*INSTRUCTIONS FOR THE TASK*
When you return the material, keep every line exactly as it is and omit the pictures.

*AVAILABLE DATA*
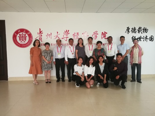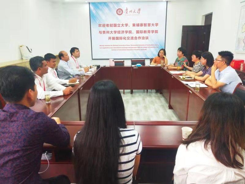 (3)7月23日上午,贵州大学经济学院党委书记黄莉、院长伍国勇、副书记杨海、副院长马红梅,国际教育学院党委书记晋克俭、院长张成霞等与老挝国立大学工商管理学院院长DePhetsa mone PHOMMAVONG先生一行、柬埔寨智慧大学暹粒校区副校长Samlei Chhoun先生一行,在西校区崇文楼425会议室进行交流洽谈,双方就学生交流、教师互访、科研合作等进行了讨论并达成初步共识。
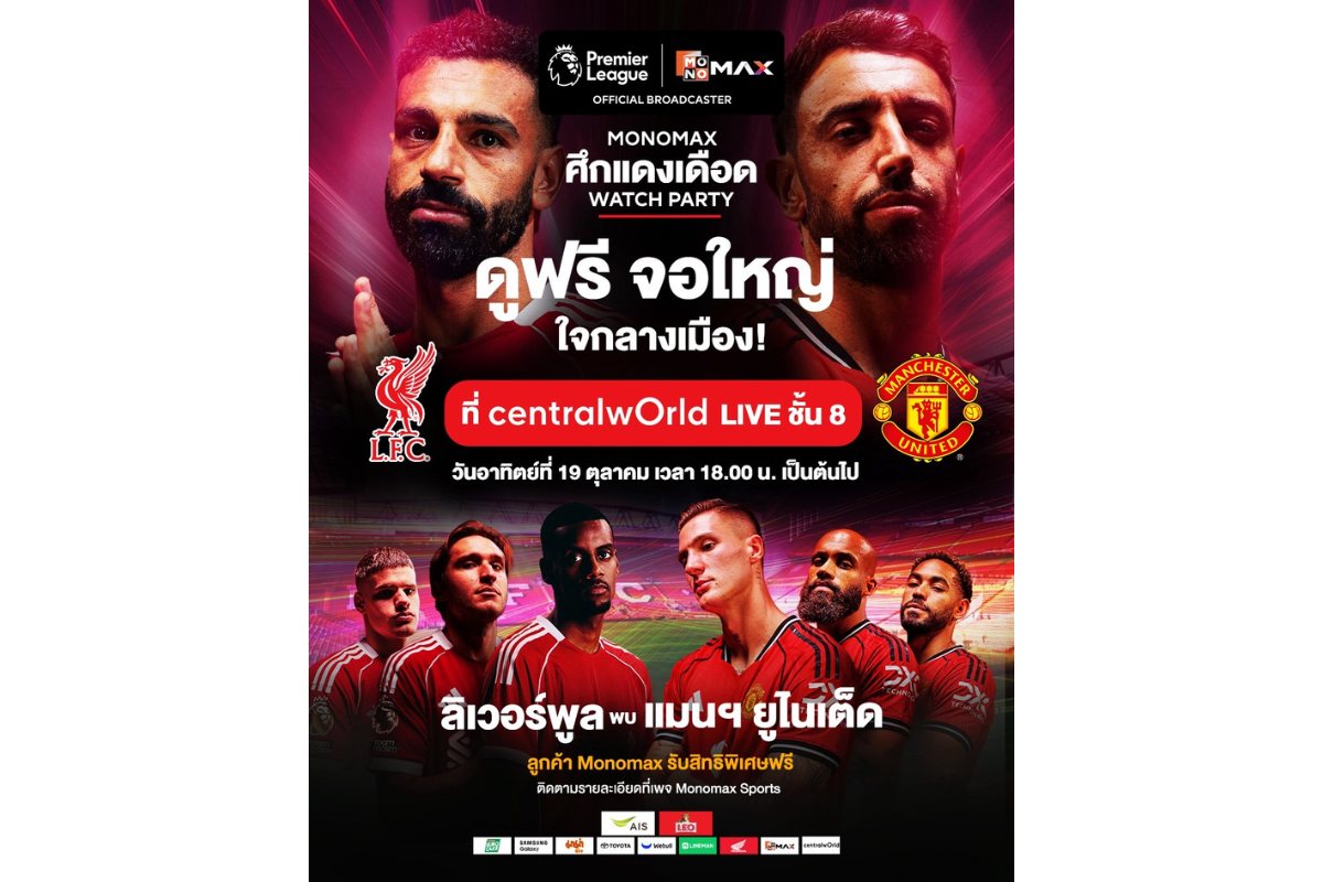 Monomax แพลตฟอร์มหลักในการถ่ายทอดสดฟุตบอลพรีเมียร์ลีกและเอมิเรตส์เอฟเอคัพตลอด 6 ฤดูกาล เชิญชวนมาร่วมกระหึ่มความมันส์ระดับโลกกับแมตช์ที่แฟนบอลทุกคนรอคอย “ลิเวอร์พูล ปะทะ แมนเชสเตอร์ ยูไนเต็ด” ในบรรยากาศสุดมันส์บนจอใหญ่เต็มอิ่ม ที่งาน “MONOMAX ศึกแดงเดือด WATCH PARTY” ในวันอาทิตย์ที่ 19 ตุลาคม 2568 ตั้งแต่เวลา 18.00 น. เป็นต้นไป ณ Centralworld LIVE ชั้น 8 เซ็นทรัลเวิลด์
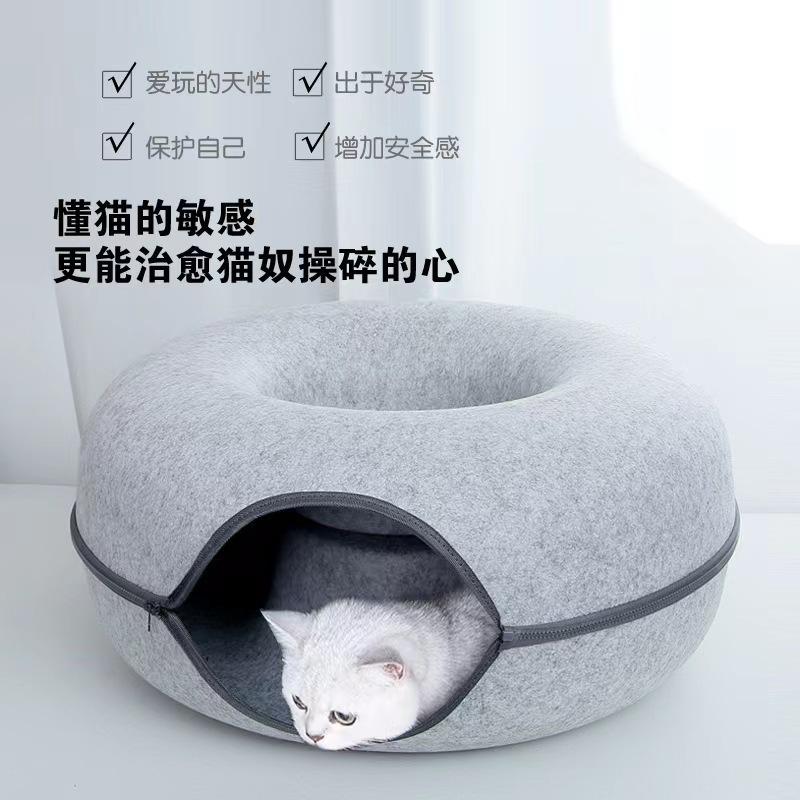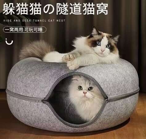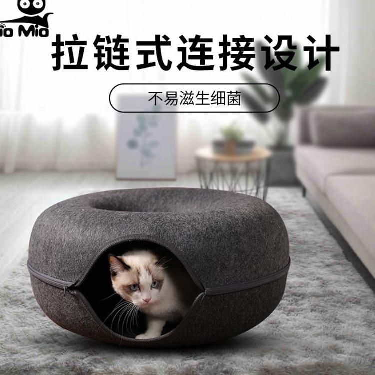 Nuevo Nido para Gatos Cuatro Estaciones Cerrado Redondo Dona Fieltro Mascota Nido para Gatos Túnel Nido Juguete Túnel para Gatos

*ANSWER TO THIS PROBLEM*
 (3)7月23日上午,贵州大学经济学院党委书记黄莉、院长伍国勇、副书记杨海、副院长马红梅,国际教育学院党委书记晋克俭、院长张成霞等与老挝国立大学工商管理学院院长DePhetsa mone PHOMMAVONG先生一行、柬埔寨智慧大学暹粒校区副校长Samlei Chhoun先生一行,在西校区崇文楼425会议室进行交流洽谈,双方就学生交流、教师互访、科研合作等进行了讨论并达成初步共识。
 Monomax แพลตฟอร์มหลักในการถ่ายทอดสดฟุตบอลพรีเมียร์ลีกและเอมิเรตส์เอฟเอคัพตลอด 6 ฤดูกาล เชิญชวนมาร่วมกระหึ่มความมันส์ระดับโลกกับแมตช์ที่แฟนบอลทุกคนรอคอย “ลิเวอร์พูล ปะทะ แมนเชสเตอร์ ยูไนเต็ด” ในบรรยากาศสุดมันส์บนจอใหญ่เต็มอิ่ม ที่งาน “MONOMAX ศึกแดงเดือด WATCH PARTY” ในวันอาทิตย์ที่ 19 ตุลาคม 2568 ตั้งแต่เวลา 18.00 น. เป็นต้นไป ณ Centralworld LIVE ชั้น 8 เซ็นทรัลเวิลด์
 Nuevo Nido para Gatos Cuatro Estaciones Cerrado Redondo Dona Fieltro Mascota Nido para Gatos Túnel Nido Juguete Túnel para Gatos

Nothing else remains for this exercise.